All electric characteristics were measured under atmospheric conditions using an oscilloscope (MDO3000, Tektronix) and a waveform generator (AFG3101C, Tektronix). The P-E loops were estimated by the Sawyer–Tower method. The interface and surface morphology of the P(VDF-TrFE) layer were observed by SEM (7600-FE, JEOL, Japan) and AFM (5500, Agilent). The piezoelectricity of the sensor was measured by a mechanical compression testing machine (STD-203NB, Imada Seisakusho, Japan). We conducted XRD (SmartLab, Rigaku, Japan) measurements on the P(VDF-TrFE) layer to assess the crystallinity and analyse the crystal structures.

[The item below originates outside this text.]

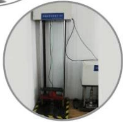
Impact Resistant Testing Machine
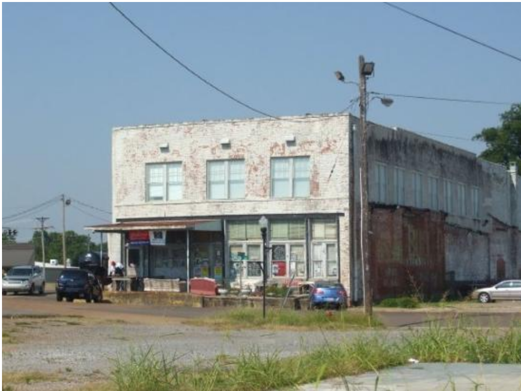
Ground Zero Blues Club, Blues Alley, Clarksdale (2009).

Fabrication of the wireless communication circuit

The Cu electrode of the wireless communication circuit was fabricated on a flexible polyimide film by photolithography. For the amplifier circuit, an operational amplifier (LT6004, Linear Technology), chip resistors (2 mm × 1.2 mm), and a chip capacitor (2 mm × 1.2 mm) were mounted on the polyimide substrate by soldering. Further, the printed vital sensor and a sheet-type cell battery of 25 mAh (FDK Corporation, Japan) were connected to the substrate of the circuit using conductive tape (ALCARE Co., Ltd., Japan). A wireless BLE module (EYSGJNZWY, Taiyo Yuden Co., Ltd.) was similarly mounted on the substrate for transmitting the measured pulse rate data to a PC tablet. This sensor circuit was attached to the skin near the wrist of a volunteer using a skin-compatible adhesive patch. For the measurement of human pulse rate, the ethics statement in this manuscript includes a sentence confirming that written informed consent was obtained from all subjects.

Data availability

All data generated or analysed during this study are included in this published article (and its Supplementary Information files). In this manuscript, demonstrations involved a volunteer with approval from the institutional review board of the Yamagata University (no. 29-2). The specific consents from the authors and volunteer have been obtained to publish the information in an open-access online publication. The authors confirmed that all experiments were performed in accordance with relevant guidelines and regulations of the institutional review board.